Here Jesus lifts up a prayer of thanksgiving to His heavenly Father. In that prayer He contemplates God’s sovereignty. He says in verse 26, “This was well-pleasing in your sight.” He could have been discouraged by His circumstances, but He takes encouragement in that whatever response had occurred, in the preaching of His disciples and in response to His own miracles, it was according to the Father’s will. Jesus thanks the Lord for three things. First, He thanks the Lord that the gospel is revealed. In the preaching of Christ, in the miracles of Christ, and in the preaching of the disciples, the gospel was being set forth clearly. Notice secondly, He goes on to thank God because He is specifically revealing that gospel to those who are humble. He says in verse 25, “You have hidden these things from the wise and intelligent and have revealed them to infants.” Jesus is highlighting the unexpected character of the gospel. Those who were great, those who were thought well of, those who were mighty and powerful in the land were rejecting the gospel. Those who were humble, those who were not the center of attention in the land were embracing the gospel. Notice thirdly, He praises His father for the fact that His gospel has been magnified because it is not revealed to the wise. He says in verse 25, “I praise You, Father, Lord of heaven and earth, that You have hidden these things from the wise and intelligent.” Jesus makes a distinction between those who have embraced the gospel and those who have rejected it.

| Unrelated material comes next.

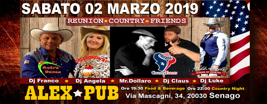EVENTI COUNTRY: Reunion Country Friends a Senago MI con tag Country Night / Reunion Country Night di marcodollaro Sabato 02/03/2019 Un grande appuntamento Country vi aspetta all’Alex Pub di Senago Mi. Reunion Country Friends 2019!! In consolle per voi: Dj Franco, Dj Angela, Mr. Dollaro, Dj Claus e Dj Luke. AMPIA LOCATION E GRANDE PISTA IN LEGNO!!! STAGE IN SALA 2 Ore 21:15 con Valentina INIZIO SERATA. Ore 22:00 INGRESSO € 10,00 con consumazione . DOVE: Alex Pub Via Mascagni 34 Senago MI . PER INFO E PRENOTAZIONI: info@countryeventsmilano.com Tel. 333 6720419

II. Bible-Believing Christians Will Joyfully Acknowledge That God the Son Is Sovereign in Salvation.
In verse 27 we see the sovereignty of God in salvation set forth. Jesus in one sentence is giving us a preface to His gospel invitation which He’s going to give to us in verses 28 through 30. In this one sentence, He is going to set forth before us His authority and His credentials. Why? Because He is about to make an invitation that is going to boggle our minds. He says in verse 27, “All things have been handed over to Me by My Father; and no one knows the Son except the Father; nor does anyone know the Father except the Son, and anyone to whom the Son wills to reveal Him.” First, notice He says, “All things have been handed over to me by my Father.” Jesus tells us that He has exclusive and absolute authority. The second thing Jesus says is that “no one knows the Son except the Father; nor does anyone know the Father except the Son.” He claims to have an exclusive relationship. The Son is pointing to the intimacy that He has with the heavenly Father. Finally, He says, “And anyone to whom the Son wills to reveal Him.” He is claiming the exclusive ability to reveal God to men savingly.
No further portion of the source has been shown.